### WORK REQUIRED
After finding "H15年9月 | ||" in a line below, print that line and the rest of the lines exactly, leaving out all pictures.

##### TASK DATA

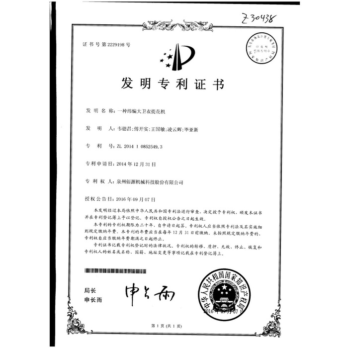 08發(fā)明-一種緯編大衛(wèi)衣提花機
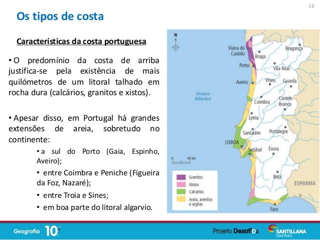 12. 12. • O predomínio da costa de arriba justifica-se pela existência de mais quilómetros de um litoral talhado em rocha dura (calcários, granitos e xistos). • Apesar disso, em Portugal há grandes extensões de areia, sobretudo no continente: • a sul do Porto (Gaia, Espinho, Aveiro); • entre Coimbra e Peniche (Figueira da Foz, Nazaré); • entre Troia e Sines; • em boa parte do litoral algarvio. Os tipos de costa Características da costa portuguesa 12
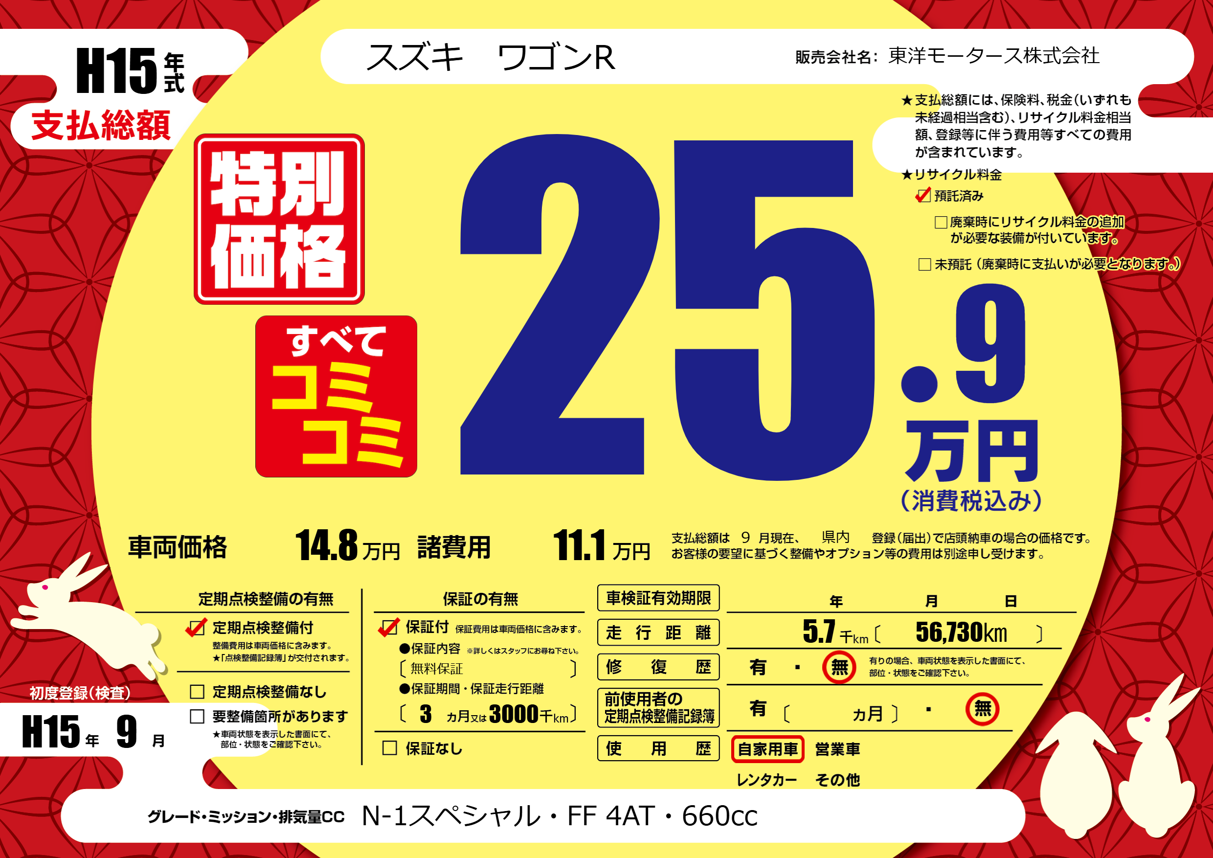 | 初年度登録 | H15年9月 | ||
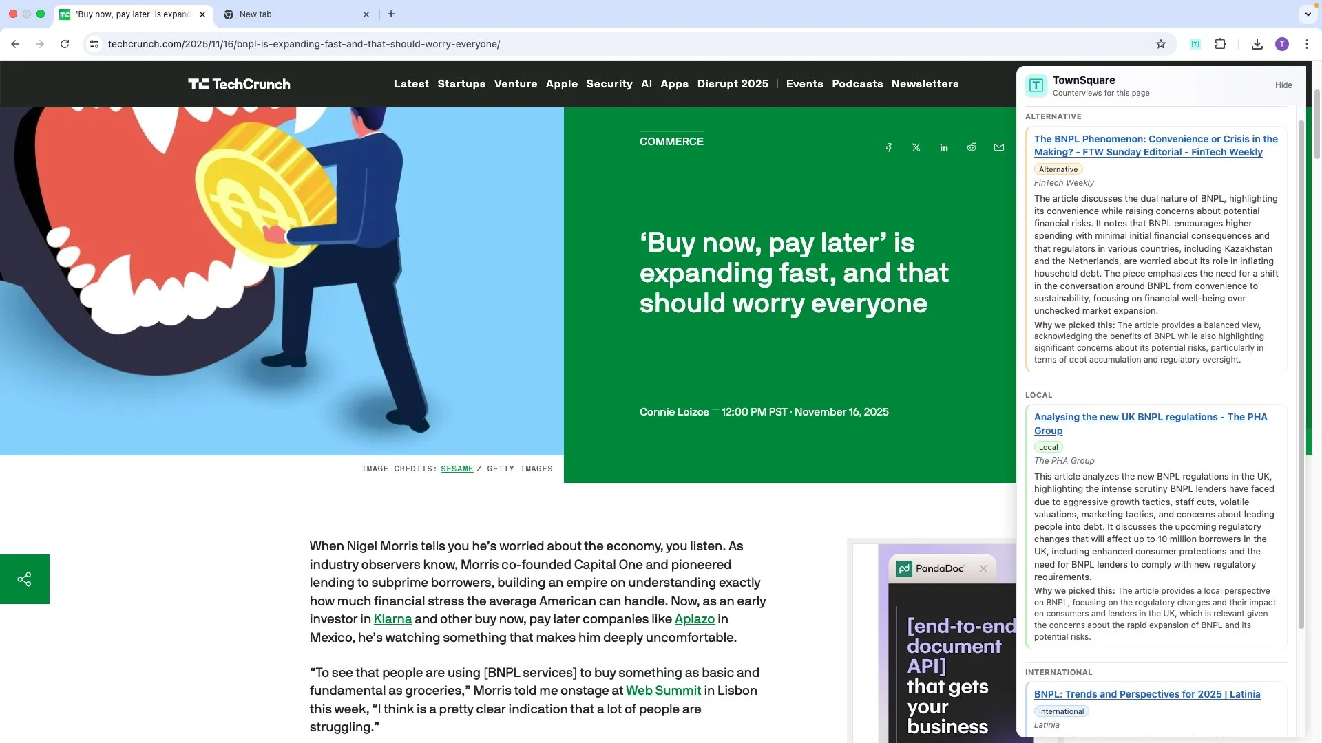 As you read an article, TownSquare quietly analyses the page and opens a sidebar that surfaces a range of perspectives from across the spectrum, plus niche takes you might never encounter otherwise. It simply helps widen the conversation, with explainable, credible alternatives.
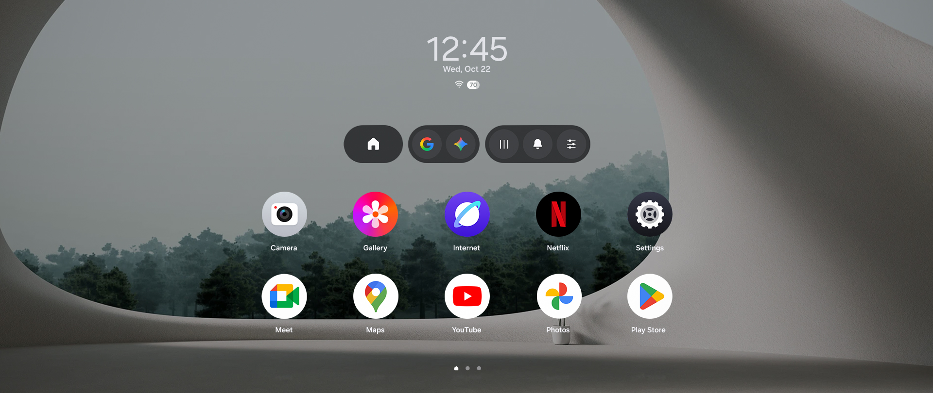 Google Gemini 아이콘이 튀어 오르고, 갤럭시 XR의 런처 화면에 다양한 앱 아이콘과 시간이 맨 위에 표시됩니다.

##########

### ANSWER TO THE EXERCISE
 | 初年度登録 | H15年9月 | ||
 As you read an article, TownSquare quietly analyses the page and opens a sidebar that surfaces a range of perspectives from across the spectrum, plus niche takes you might never encounter otherwise. It simply helps widen the conversation, with explainable, credible alternatives.
 Google Gemini 아이콘이 튀어 오르고, 갤럭시 XR의 런처 화면에 다양한 앱 아이콘과 시간이 맨 위에 표시됩니다.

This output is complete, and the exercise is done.